Additional class time reductions can cause trouble when teachers are trying to organize content and tests. If a class period is shortened by as little as 15 minutes, most teachers will have to reschedule their tests or quizzes to another day to give students a justifiable amount of time. Senior high AP Human Geography teacher, Cherie Vroman stresses the weight of this topic and how even minor schedule changes can make teaching harder. “So when we add [or] have additional changes to the schedule throughout the year it makes it a challenge to figure out how to reduce the curriculum we’ve already had to reduce,” Vroman said.

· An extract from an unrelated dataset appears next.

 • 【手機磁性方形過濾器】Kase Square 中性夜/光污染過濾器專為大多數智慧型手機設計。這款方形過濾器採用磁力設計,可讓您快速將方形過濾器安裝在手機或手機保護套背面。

Students are also feeling the stress of losing class time when they get home from school. When teachers lose time to teach content, it is then put on students to learn and make up for things that may have been missed due to lessened class time. A large workload puts more stress on students who already have increasingly busy schedules and social lives. “It could make things more difficult, especially if kids have to cram in a bunch of content at the end of the year. It can make things really hard because we’re having to go and make up a bunch of class activities, then take our notes and make up lecture notes,” sophomore AP student Addison Buhl said.

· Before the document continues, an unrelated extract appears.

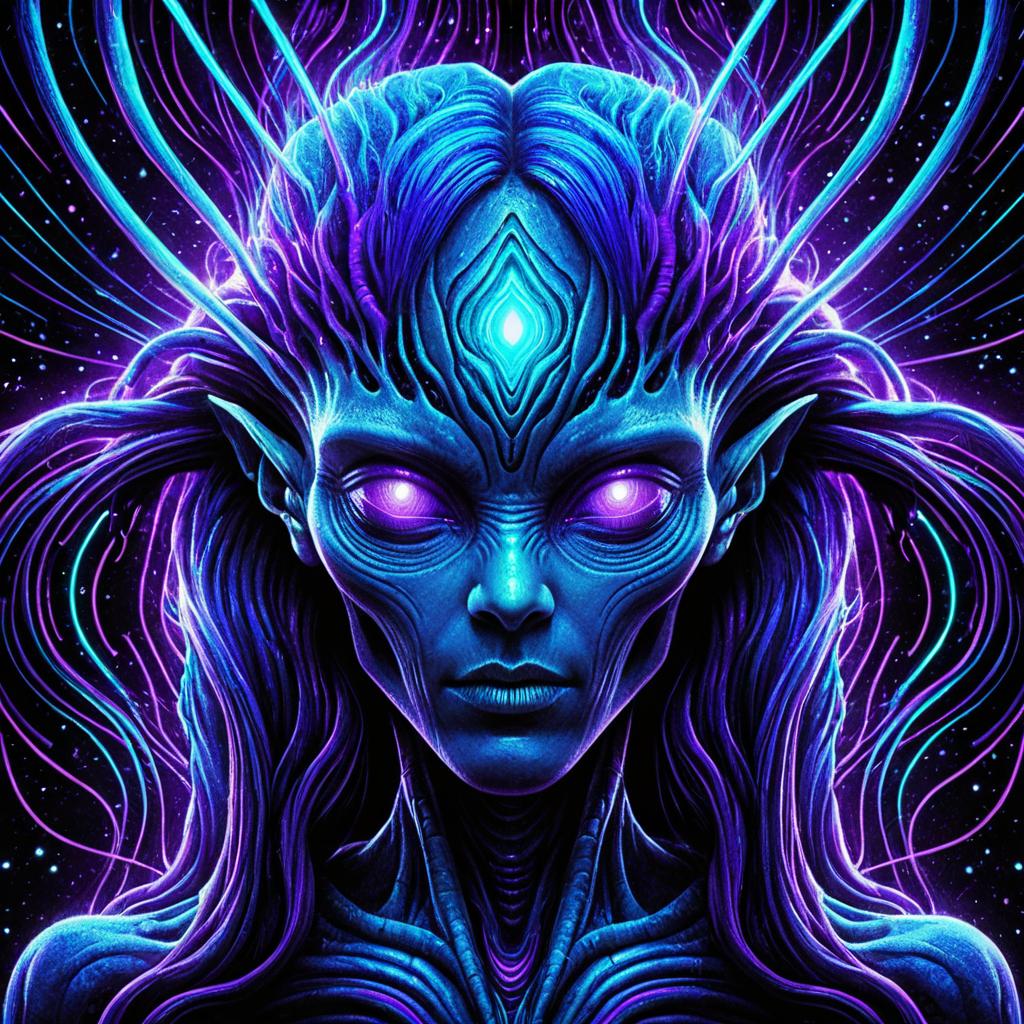 Close-up digital illustration of a wolf's face featuring flowing purple and aqua fur. The wolf has intense purple eyes and is surrounded by glowing, magical soundwave patterns, creating a surreal and dreamlike atmosphere symbolizing conscious awakening. Intricate details enhance the mystical and otherworldly aesthetic.

Students aren’t the only ones seeing the consequences of lost class time. Teachers agree that the time lost during the school day makes both teaching and learning harder for everyone involved. Teachers may need to pick and choose the content that would be most beneficial for students to learn in the time given in class and then leave the rest for students to finish outside of school. This can quickly become an overwhelming routine when arranging a curriculum. “I think it puts a bigger workload on both me as the teacher and the students. I find myself rushing and trying to cover more of the basic content that ideally I like to allow the students to do while we work on digging a little deeper into some of the content and working on some of the major skills,” senior high AP History teacher Jeffery Cohen said.